Extracted data entries:
# # # # # # #
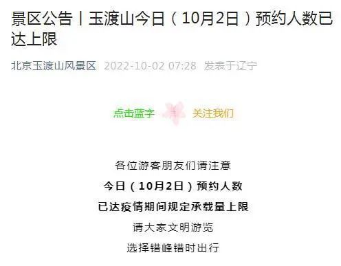 据北京玉渡山风景区官微2日消息,玉渡山风景区按照单日最大承载量的75%进行限流开放。10月2日预约人数已达疫情期间规定承载量上限。
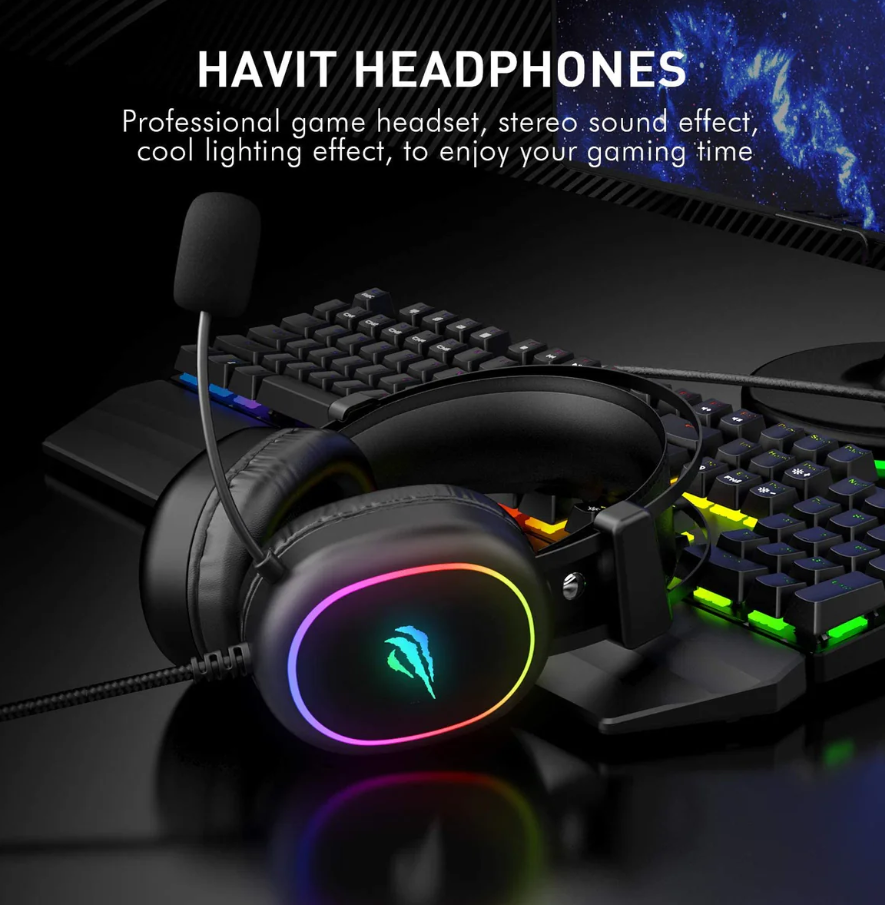 Проводные игровые (геймерские) наушники Havit H659d накладные для компьютера с микрофоном черные, RGB подсветка
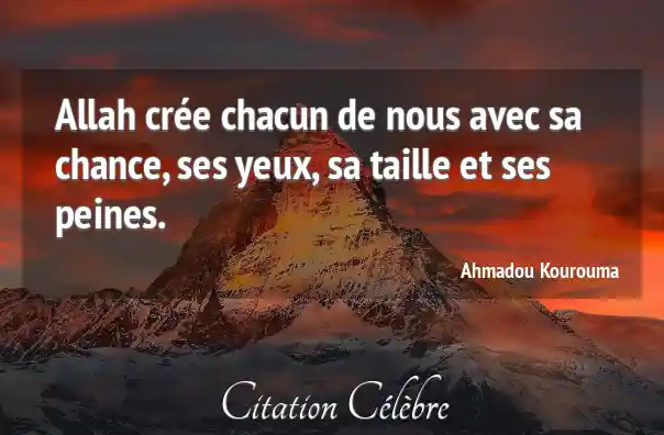 Allah crée chacun de nous avec sa chance, ses yeux, sa taille et ses peines.
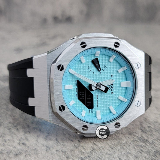 Tauchen Sie ein in Luxus mit unseren Tiffany Blue G-Shock Casioak Mods. Diese Uhren strahlen Eleganz und Stil aus und heben Sie mit einem Hauch von Raffinesse hervor.
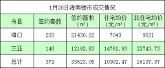 据海南省住宅与房地产信息网网上签约系统显示,1月20日海南签约商品房379套,签约面积33623.05㎡,签约住宅均价10902.47元/㎡。(注:以上数据为当日海口,三亚网签备案统计结果,不代...
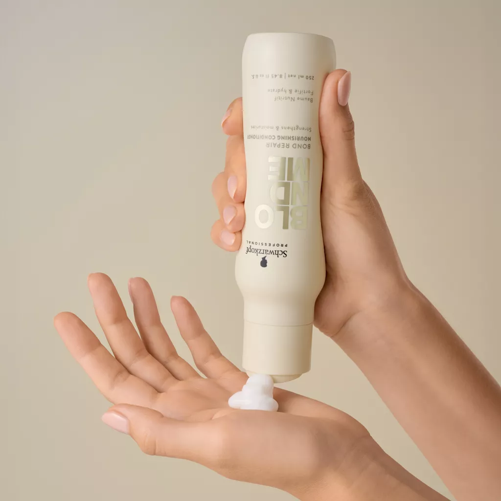 Pour un résultat optimal, utilisez après le Shampoing BlondMe Nutritive et le Masque Bondfinity.
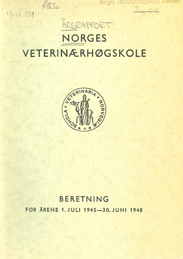 Omtale av årsberetningene 1945-1948 ved Norges veterinærhøgskole (NVH).
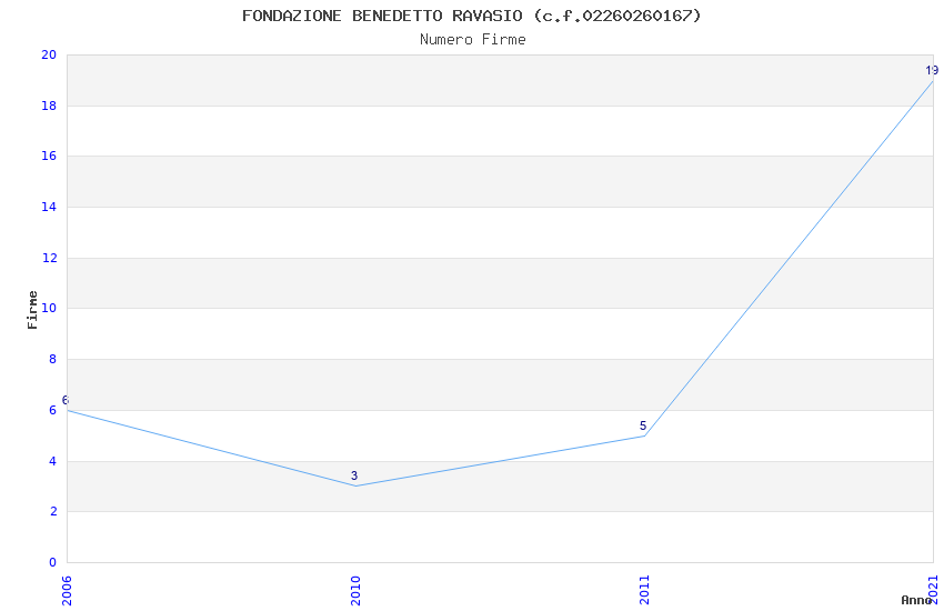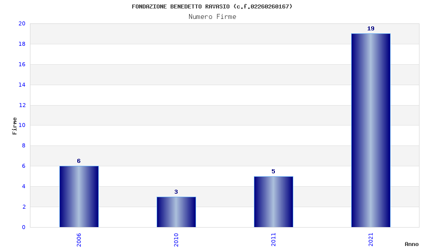 | Anno | Firme | Importi | Media | Naz. | Reg. | Prov. | Comu. |
# # # # # # #
* _Exercise requirements_
Start with the line holding "Pour un résultat" and repeat exactly every line through the final line of the records above, but no pictures and nothing more.

* _Answer space_
 Pour un résultat optimal, utilisez après le Shampoing BlondMe Nutritive et le Masque Bondfinity.
 Omtale av årsberetningene 1945-1948 ved Norges veterinærhøgskole (NVH).
 | Anno | Firme | Importi | Media | Naz. | Reg. | Prov. | Comu. |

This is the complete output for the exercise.